*DATA UNDER STUDY*.
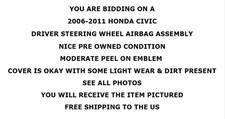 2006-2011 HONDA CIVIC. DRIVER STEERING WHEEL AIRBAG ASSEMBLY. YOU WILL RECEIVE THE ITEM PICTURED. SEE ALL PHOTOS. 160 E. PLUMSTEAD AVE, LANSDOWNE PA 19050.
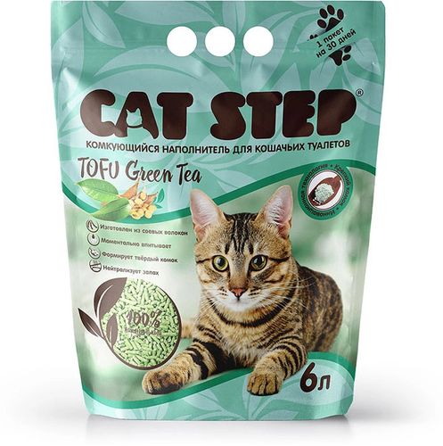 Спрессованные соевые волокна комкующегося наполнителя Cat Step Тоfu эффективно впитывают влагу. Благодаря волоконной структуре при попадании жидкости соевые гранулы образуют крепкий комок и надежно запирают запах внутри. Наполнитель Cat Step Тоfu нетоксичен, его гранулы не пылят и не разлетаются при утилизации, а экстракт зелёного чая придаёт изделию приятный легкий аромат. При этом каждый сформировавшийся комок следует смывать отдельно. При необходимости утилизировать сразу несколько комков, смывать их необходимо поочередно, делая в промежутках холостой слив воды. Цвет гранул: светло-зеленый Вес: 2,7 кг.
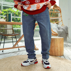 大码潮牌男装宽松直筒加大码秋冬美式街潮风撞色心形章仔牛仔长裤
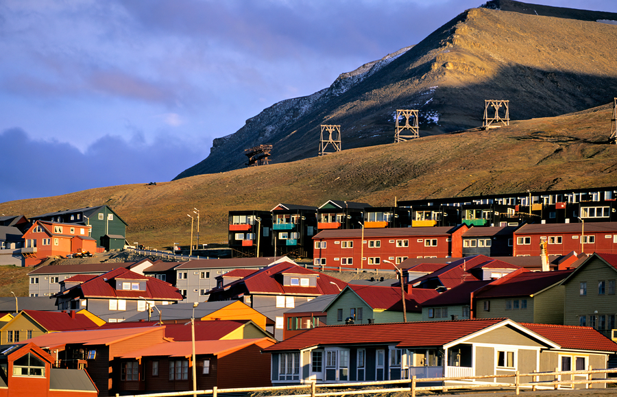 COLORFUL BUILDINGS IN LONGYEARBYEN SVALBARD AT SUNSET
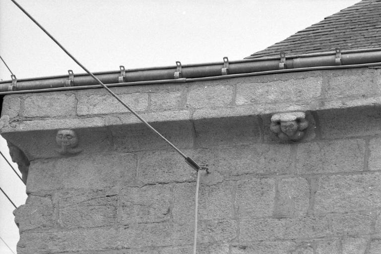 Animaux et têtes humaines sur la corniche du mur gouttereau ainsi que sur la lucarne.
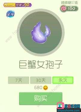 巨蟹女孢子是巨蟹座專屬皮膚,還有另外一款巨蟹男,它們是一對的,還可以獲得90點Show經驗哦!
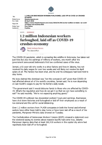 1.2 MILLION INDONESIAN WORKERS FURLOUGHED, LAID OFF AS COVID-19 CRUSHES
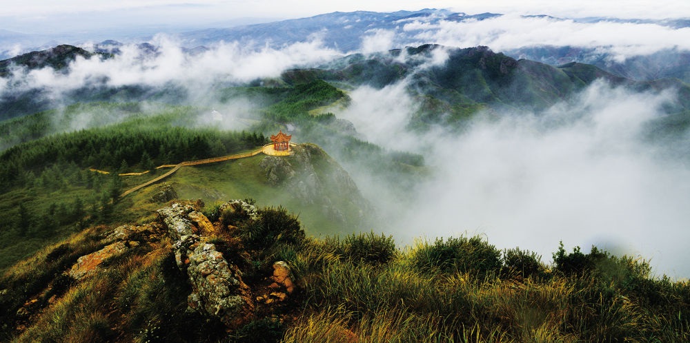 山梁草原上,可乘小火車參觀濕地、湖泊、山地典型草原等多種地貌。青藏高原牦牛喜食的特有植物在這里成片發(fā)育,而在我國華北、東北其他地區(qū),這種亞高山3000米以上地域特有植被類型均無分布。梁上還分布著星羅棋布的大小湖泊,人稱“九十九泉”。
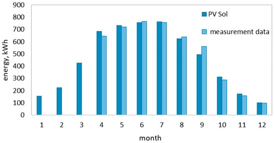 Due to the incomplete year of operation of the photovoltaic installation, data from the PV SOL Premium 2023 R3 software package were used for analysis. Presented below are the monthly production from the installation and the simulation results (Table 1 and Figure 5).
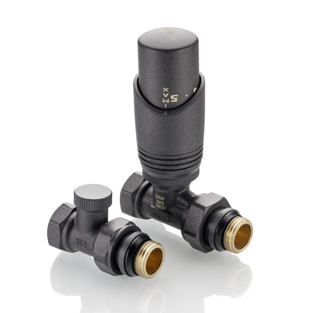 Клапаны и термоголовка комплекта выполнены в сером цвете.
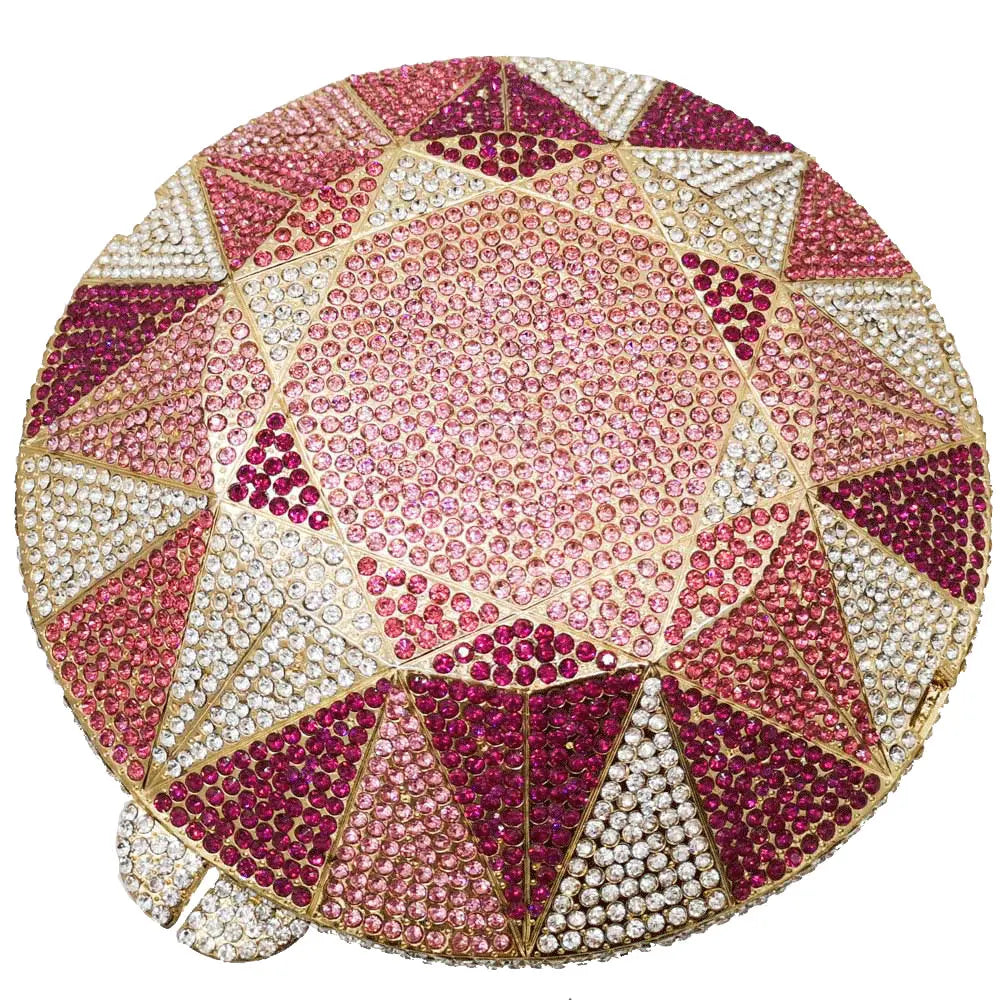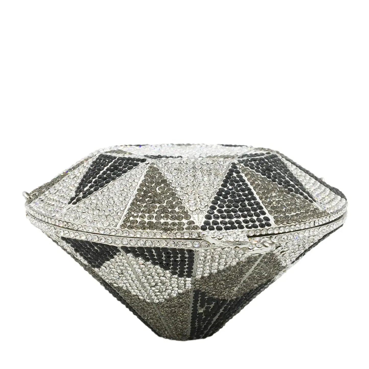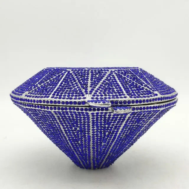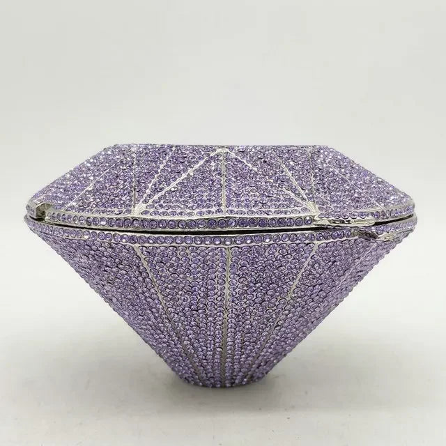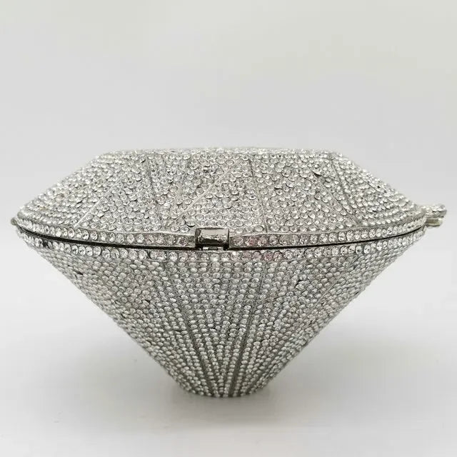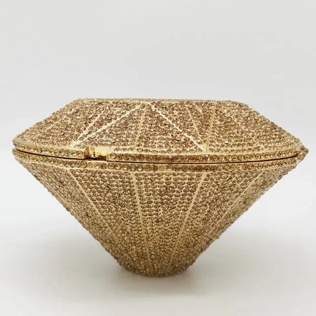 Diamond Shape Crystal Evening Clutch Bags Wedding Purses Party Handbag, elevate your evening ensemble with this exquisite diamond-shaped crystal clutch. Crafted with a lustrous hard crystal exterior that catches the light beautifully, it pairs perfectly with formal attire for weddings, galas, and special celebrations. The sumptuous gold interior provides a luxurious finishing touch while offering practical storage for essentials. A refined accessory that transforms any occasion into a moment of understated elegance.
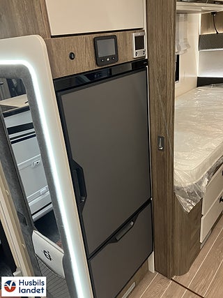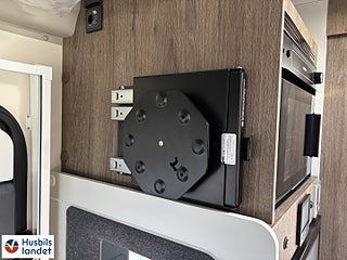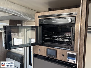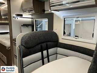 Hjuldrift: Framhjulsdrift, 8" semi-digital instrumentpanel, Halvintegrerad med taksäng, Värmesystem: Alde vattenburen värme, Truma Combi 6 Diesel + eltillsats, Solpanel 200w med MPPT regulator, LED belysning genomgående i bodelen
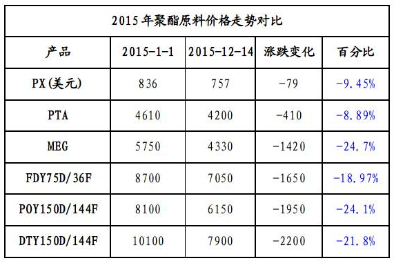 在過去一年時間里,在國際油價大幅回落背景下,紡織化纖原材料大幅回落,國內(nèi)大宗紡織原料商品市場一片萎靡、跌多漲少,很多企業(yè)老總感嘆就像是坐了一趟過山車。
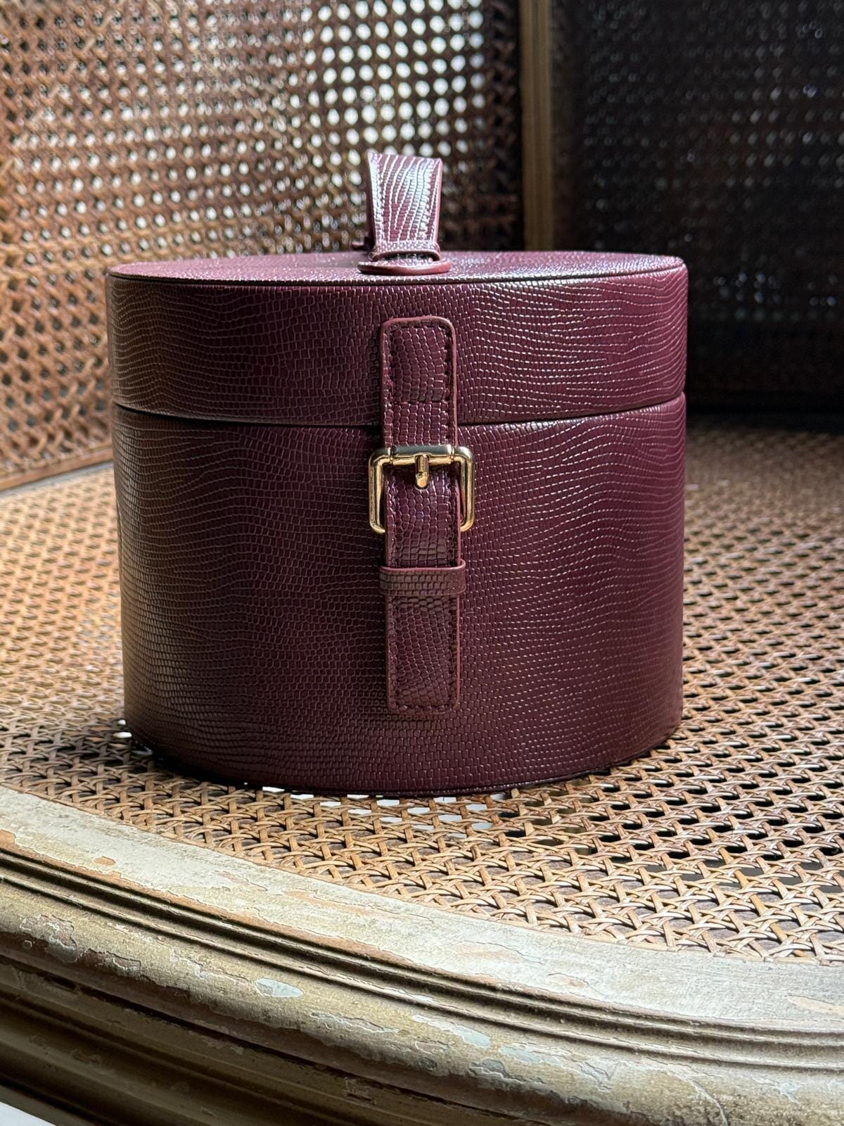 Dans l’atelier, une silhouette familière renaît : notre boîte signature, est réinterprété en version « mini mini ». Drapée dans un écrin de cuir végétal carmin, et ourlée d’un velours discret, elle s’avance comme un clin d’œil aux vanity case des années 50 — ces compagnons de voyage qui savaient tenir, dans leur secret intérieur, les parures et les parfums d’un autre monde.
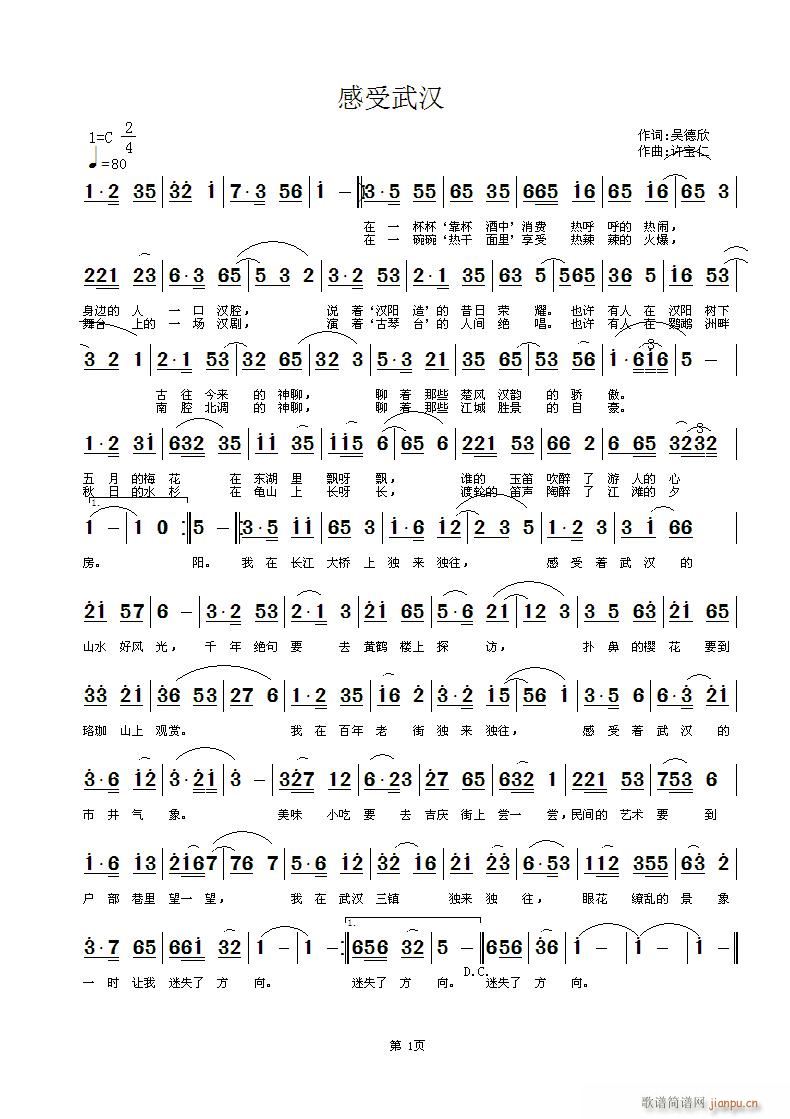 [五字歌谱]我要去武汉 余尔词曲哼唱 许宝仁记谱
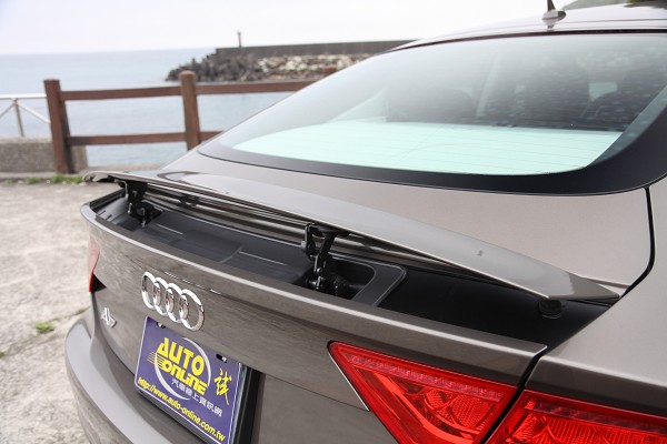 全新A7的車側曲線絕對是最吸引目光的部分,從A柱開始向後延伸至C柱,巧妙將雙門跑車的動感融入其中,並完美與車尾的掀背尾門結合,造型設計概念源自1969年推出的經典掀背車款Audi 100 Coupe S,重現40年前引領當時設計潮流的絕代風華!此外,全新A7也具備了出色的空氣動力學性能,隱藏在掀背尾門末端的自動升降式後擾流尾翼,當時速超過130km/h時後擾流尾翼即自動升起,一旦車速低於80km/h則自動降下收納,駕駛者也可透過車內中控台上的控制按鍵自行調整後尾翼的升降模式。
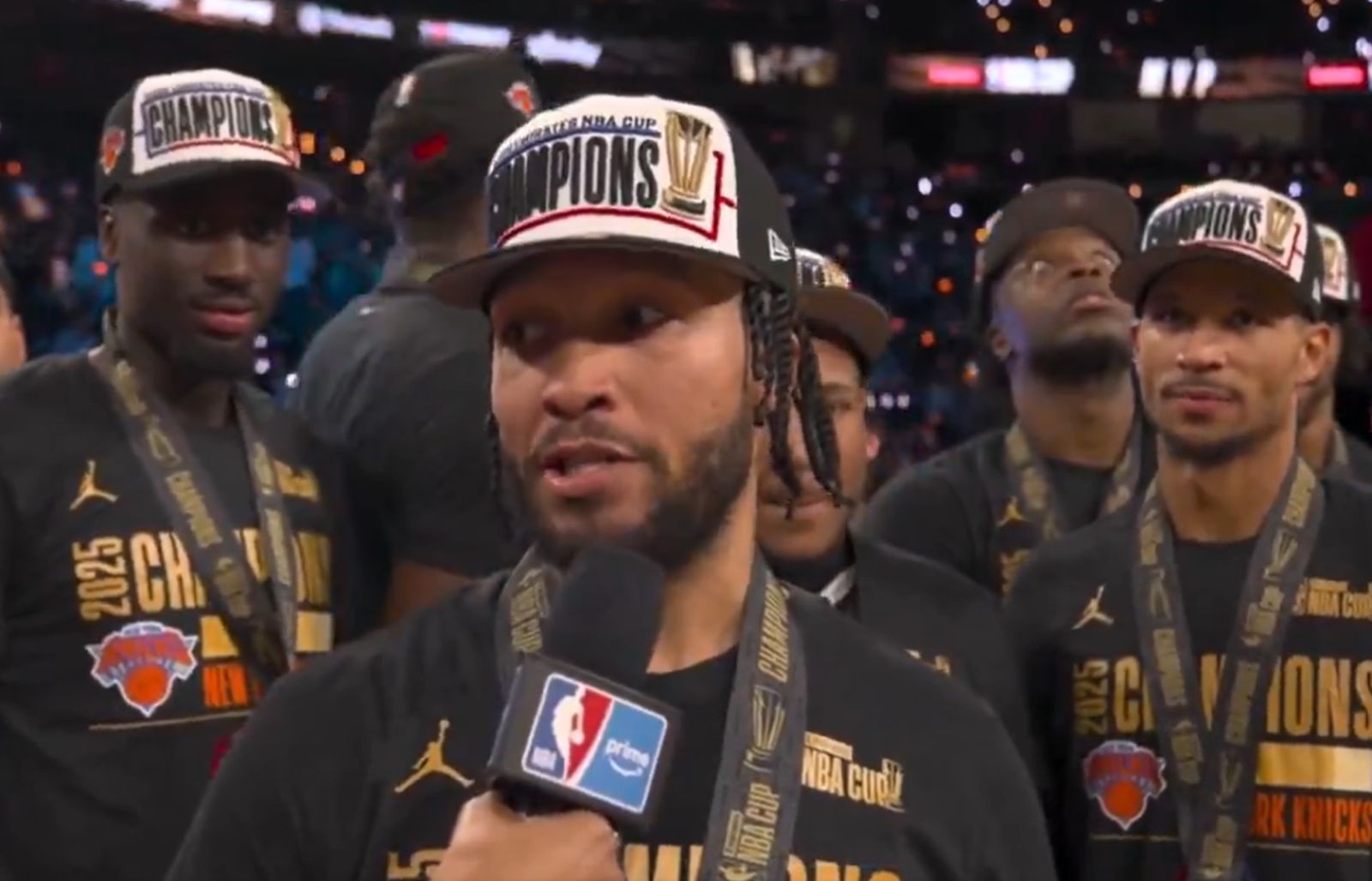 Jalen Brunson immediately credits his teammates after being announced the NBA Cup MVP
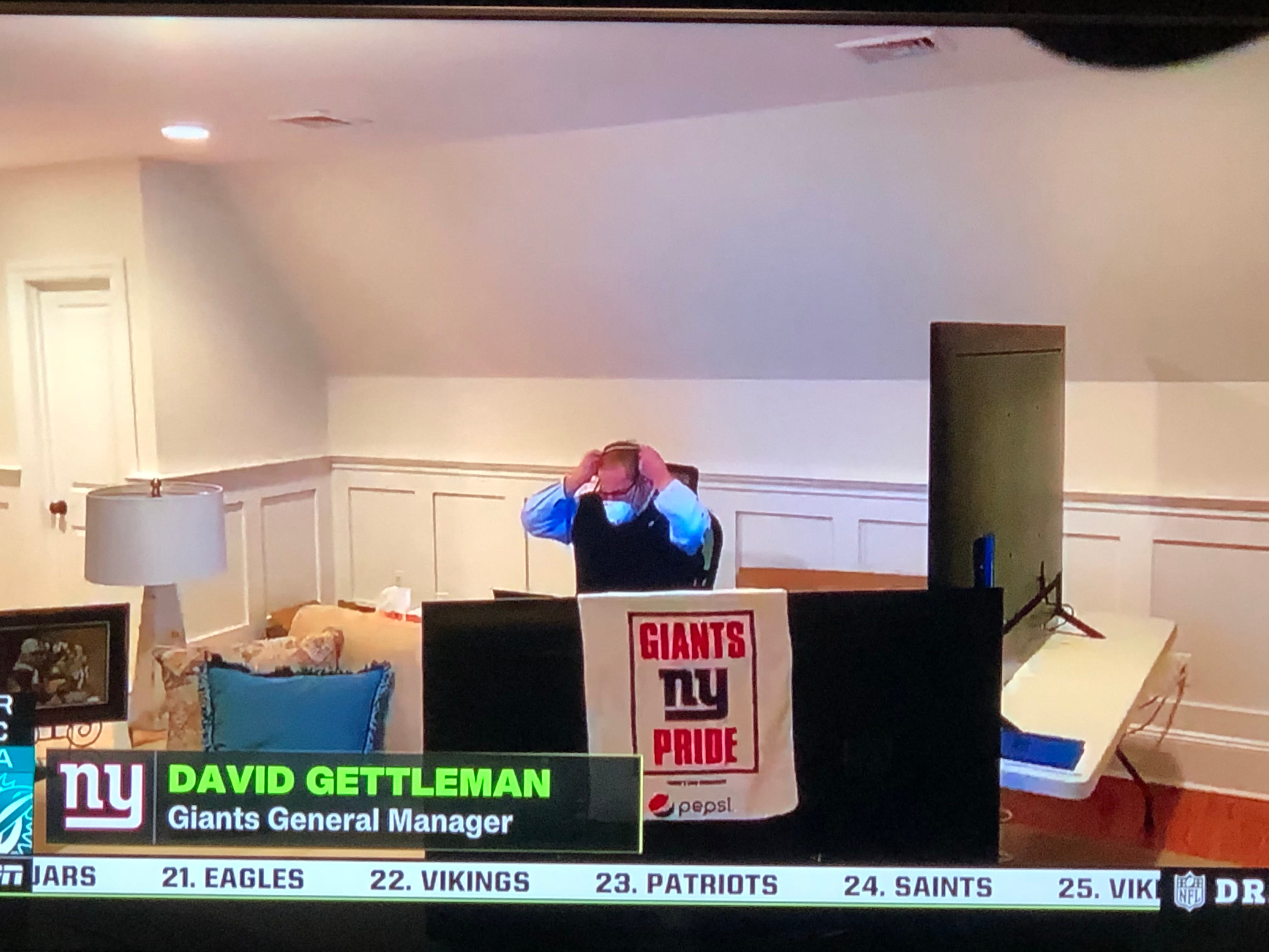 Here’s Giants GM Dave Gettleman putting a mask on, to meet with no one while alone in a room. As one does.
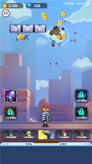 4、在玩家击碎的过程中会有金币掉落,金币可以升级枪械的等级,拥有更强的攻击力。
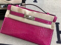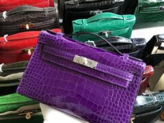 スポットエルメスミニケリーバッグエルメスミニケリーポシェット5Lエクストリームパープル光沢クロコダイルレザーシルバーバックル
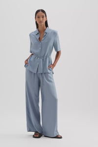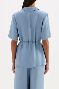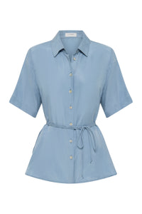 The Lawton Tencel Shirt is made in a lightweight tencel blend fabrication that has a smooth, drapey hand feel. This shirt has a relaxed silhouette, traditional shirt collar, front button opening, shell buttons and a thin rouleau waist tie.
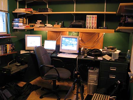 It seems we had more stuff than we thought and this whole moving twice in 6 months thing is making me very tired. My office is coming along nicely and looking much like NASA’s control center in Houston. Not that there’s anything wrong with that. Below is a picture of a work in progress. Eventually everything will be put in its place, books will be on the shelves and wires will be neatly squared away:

*ACTIVITY*.
Out of the records above, please copy exactly the lines from the line with "Due to the incomplete" up to and including the line with "Клапаны и термоголовка", minus the pictures.

*ANSWER TO THE EXERCISE*.
 Due to the incomplete year of operation of the photovoltaic installation, data from the PV SOL Premium 2023 R3 software package were used for analysis. Presented below are the monthly production from the installation and the simulation results (Table 1 and Figure 5).
 Клапаны и термоголовка комплекта выполнены в сером цвете.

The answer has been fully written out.